In prior art systems, dissociation occurs at 2,000° C. to 3,500° C. It has been found that dissociation can occur between the temperatures of 400° C. and 900° C. at sufficiently effective and efficient rates to make an economically viable system 10. Meanwhile, it has been found that the ammonia generation reactions can occur effectively in the range of 400° C. to 600° C. Nevertheless, above 500° C. some catalysts have been found to be easily poisoned or otherwise rendered ineffective. Accordingly, in one embodiment, the catalyst for generation of ammonia from hydrogen may be operated in a comparatively cooler environment than the catalyst designated for promoted dissociation of water into hydrogen and oxygen.
Referring to FIG. 4, in one embodiment, an apparatus, method, and system 10 in accordance with the invention may operate by radiation 50 impinging upon a detector system 12, and an array structure 16. The detector 12 may provide information to a controller 112 as part of a system of drives 106. The drives may include various motors 114 for azimuth, elevation, and possibly roll. These represent in independent, or even mutually orthogonal axes of rotation. As a practical matter, an azimuth drive motor 114 a, a roll drive motor 114 b, and an elevation drive motor 114 c may be large or small depending on the degree of balance and equilibration provided for the array structure 16. For example, a fully gimbaled system may require a minimum of power. Alternatively, highly cantilevered or leveraged system may require substantial energy for the output of the motors 114.
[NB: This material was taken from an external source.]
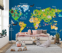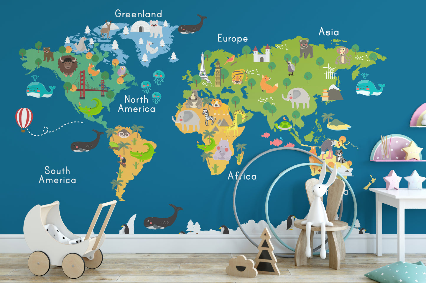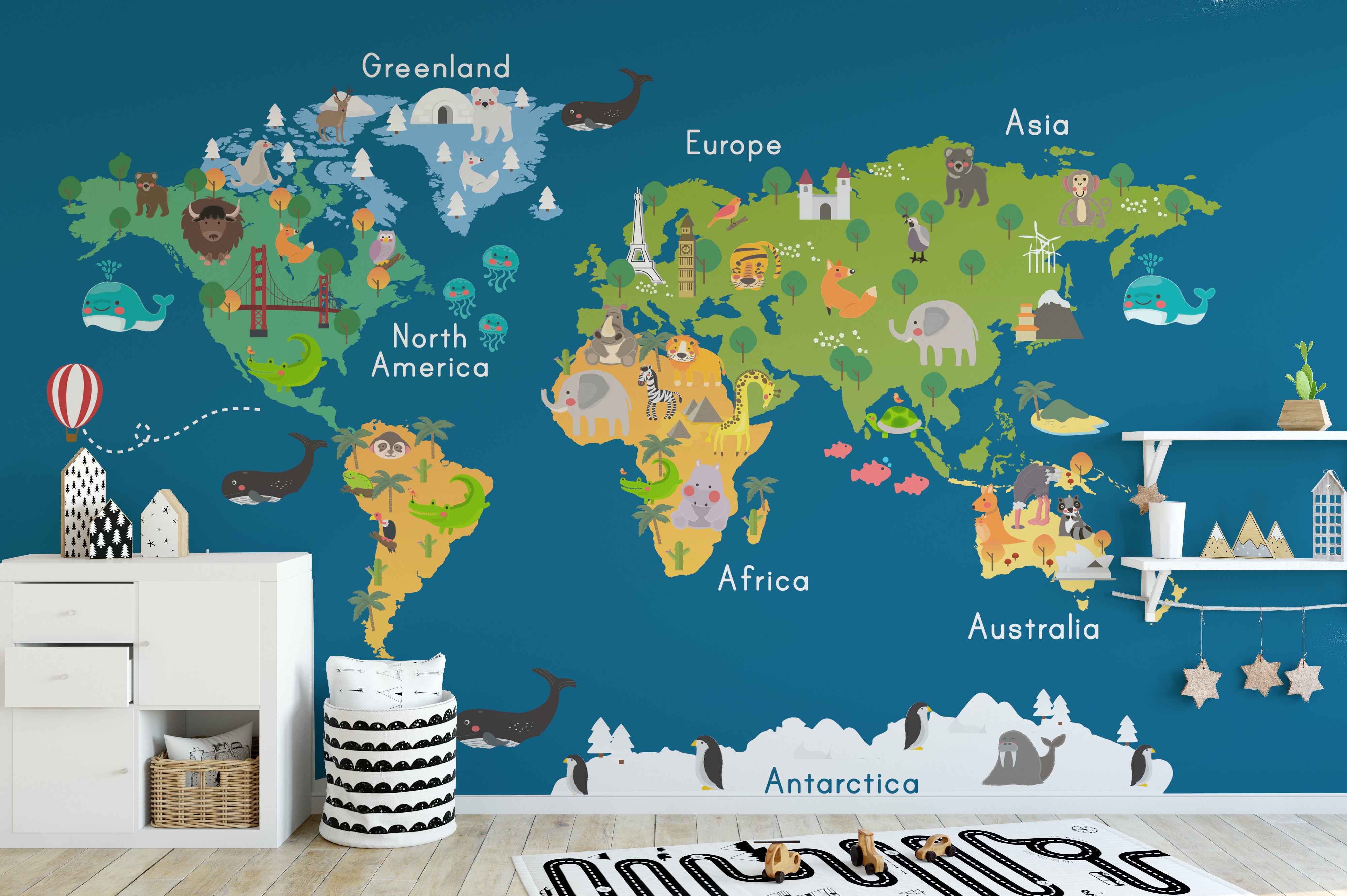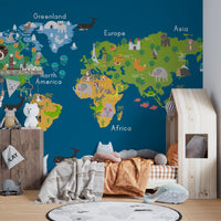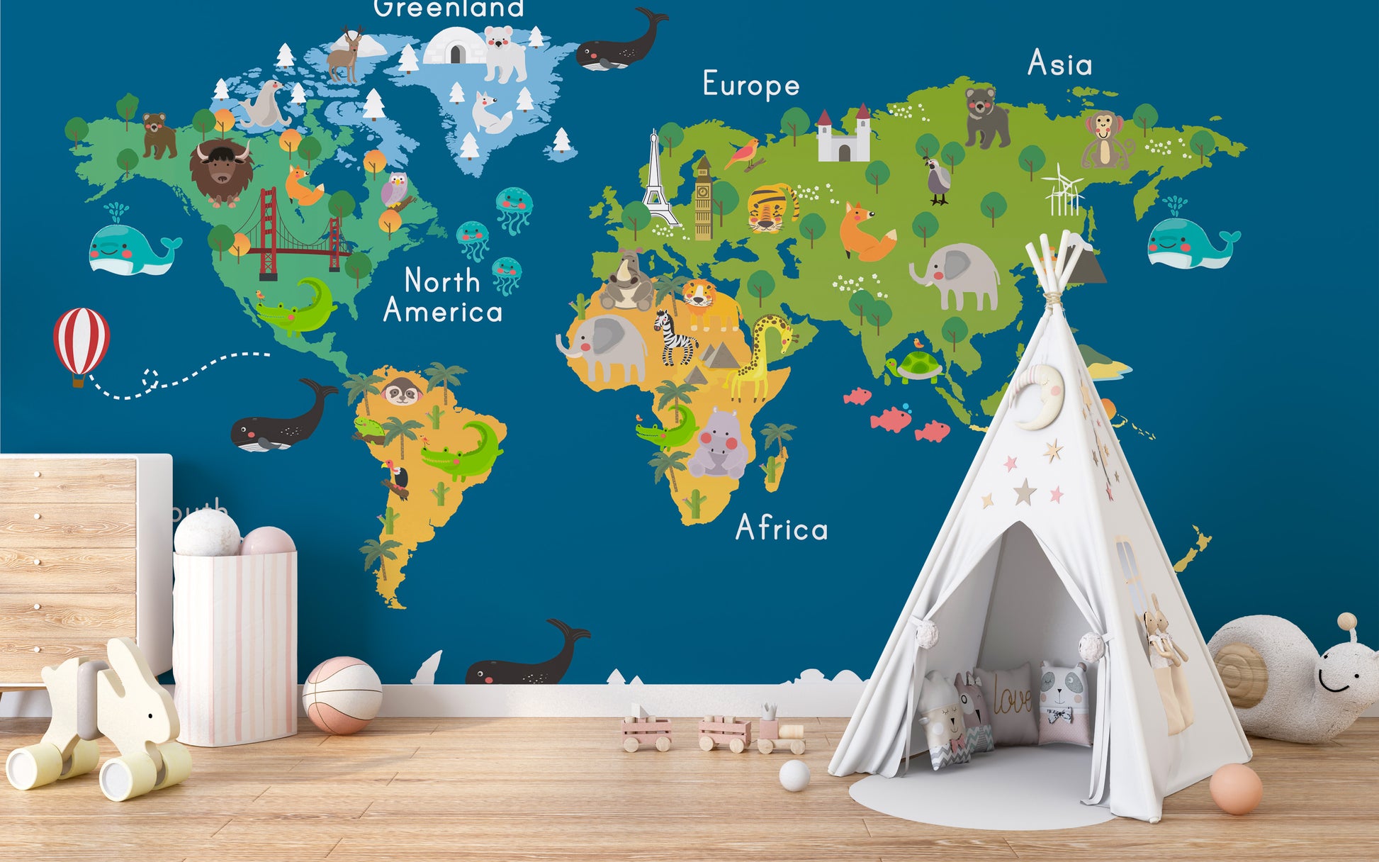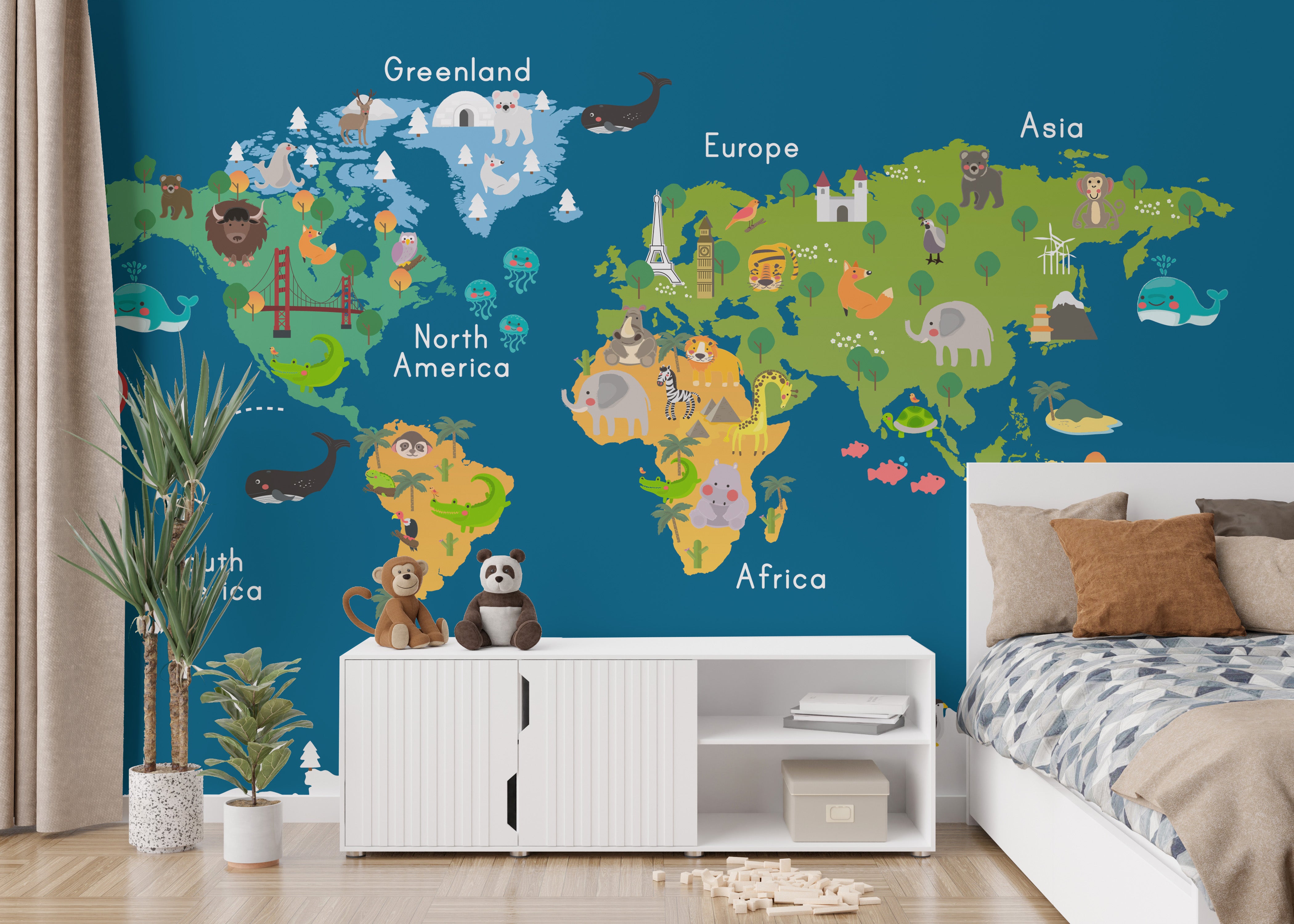 Discover the perfect addition to your child's bedroom with this amazing blue kids world map wallpaper mural! This vibrant wallpaper is sure to bring life and a playful vibe to your kid's room. It features cheerful cartoon flags from around the world, making it a fun way to teach your little one about different countries and cultures. The pastel colors add a fresh touch to any nursery, playroom, or children’s bedroom and set the stage for endless imaginative adventures. Our blue kids world map animal wallpaper Mural can completely transform any space in your home. It is perfect for interior designers looking for a creative way to spruce up any wall. It will also make an ideal housewarming or birthday gift! Don't wait, get yours now and fill your child's room with color, wonder, and adventure!

Alternatively, a controller 112 may include a real time clock capable of representing the time of day and day of the year such that correct azimuth and elevation of the array 16 may be calculated based on latitude, longitude, and orientation of the base 60. In this instance, a detector 12 may be used simply to determine cloud cover, intensity, and other factors related to solar radiation intensity in order to anticipate operational parameters for the reactor 70 and collector 48.
Ultimately, the array structure 16 directs radiation 50 as redirected radiation 64 into a conversion system 22. The conversion system 22 is part of a generator system 20, which may or may not include other heat exchange systems, scavengers, and the like.
The conversion system 22 provides heat 116 or thermal energy 116. Meanwhile, a line 118 introducing water, either as liquid or vapor, converges with the heat 116 in a chamber 120 for dissociation of water. Typically, dissociation will occur by catalysis along a selective barrier 122. In one presently contemplated embodiment, a selectively permeable barrier 122 may be treated with a catalyst on one or both surfaces thereof. Accordingly, water may catalytically dissociate, in view of the substantial energy input from the heat 116 to generate hydrogen and oxygen in the chamber 120. Typically, on the order often to twenty percent of the water may be dissociated in the chamber 120.
Immediately upon dissociation, hydrogen at the catalytic surface of the selective barrier 122 may immediately migrate through the selectively permeably barrier 122 to pass into a sweep chamber 124. Typically, the sweep chamber 124 is swept or purged by a sweep gas 126 such as nitrogen. Water vapor may also be used, or may be used instead. Nevertheless, the use of nitrogen provides an advantage if optional reactions with nitrogen are desired in order to produce an ammonia compound for higher density storage at more modest pressures and temperatures.
Nevertheless, the partial pressure of hydrogen in the sweep chamber is maintained as low as necessary to be effective to maintain a rapid and substantially instantaneous removal of dissociated hydrogen from the dissociation chamber 120. Accordingly, by LeChatelier's principle the dissociation chamber 120 operates proximate the selectively permeable barrier 122 to drive the equilibrium of the dissociation reaction toward the dissociated species by maintaining a low partial pressure of hydrogen, particularly through the introduction of a sweep gas 126, and has been found to greatly increase the reaction rate and passage of hydrogen into the sweep chamber 124.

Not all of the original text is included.